1. Ascent type - winter.

2. Region - Tien Shan , Kirghiz ridge.

3. Peak - Free Korea 4740m., along the left part of the Northern wall.

4. Supposed - 6 А grade, first ascent. ( ФАиС of Russia sentenced the route to5 Б grade. The route is situated between two routes, which have not yet been repeated: Shvab а 82. (5 Б ) and Студенина (Studenina) 66. (6 А )). The route achieved II place in Russian Winter Championship 2000.

5. Route deion:
Height: till the ridge-530m. till the summit – 650m.
length: till the ridge – 680m. till the summit - nearly1000 m
length of 6 grade sections - 300 m., 5 grade – 380m.
Average slope till the ridge - 65° slope of main wall part - 77°

6. Gear used on the route:

Nuts 68/25
Pins 17/9
Bolts 12/2
Ice crews 67


The team left to right:
Standing: Vladimir Alexandrov,
Yuri Stepanov, Andrew Zakrepa,
Sitting: Sergey Cherezov,
Valery Balezin, Alexander Terentyev.
7. Working hours - 49, Days - 6.

8. Nights - 3, +1 on descent. All the nights on ascent were in platform.

9. Team membership:
Balezin Valery МСМК - leader
Alexander ов Vladimir Master of Sports
Zakrepa Andrew Master of Sports
Stepanov Yuri candidate to Master of Sports
Terentyev Alexander candidate to Master of Sports
Cherezov Sergey candidate to Master of Sports

10. Team trainers:
Zaharov Nicolay МСМК
Balezin Valery МСМК

11. Dates:
Start of the route – February 21, 2000.
Summit -- February 26, 2000.
Return - February 27, 2000.

12. Organization: Krasnoyarsk Committee in physical training and sports

Tactical team movements


Path. Aksai Gorge.
We planned the route as a winter first ascent in 1995. It goes along the left art of the wall between two unrepeated routes Shvab а 82 and Студенина (Studenina) 66. As all the routes on Korea it consists of three parts: icy bottom (50°), then wall part (about 80°) and heavily snow-covered roof leading to the sharp, snow-covered and strongly destroyed ridge with length about 350m.

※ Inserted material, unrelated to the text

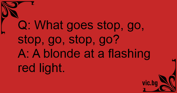 A: A blonde at a flashing red light.

This route is accessible only in winter, in summer it is real stonefalling danger!

February 21 we ascended to koron night places, made boot track for the route and in the evening party of two Terentyev - Alexandrov worked out bergshrund in three hours and three ice pitches.

February 22 – route continuation. Party of two Zakrep – Stepanov worked ahead. Made 4 pitches (till section № 5). Two vertical rocky levels were especially difficult, (sections 1 - 2, and 3 - 4) 20 meters each. The upper part of the section is an abrupt, about 80°, ice-covered gully-chimney.


Stepanov – a platform man
February 23. At 7 AM the team started ascent in a body. Party of two Terentyev – Cherezov worked ahead, they passed 2 pitches that day (till point 7) third rocky level was especially difficult, (section 6 - 7). Remainder participants lifted and installed a platform under the cornice, in the base of third rocky level.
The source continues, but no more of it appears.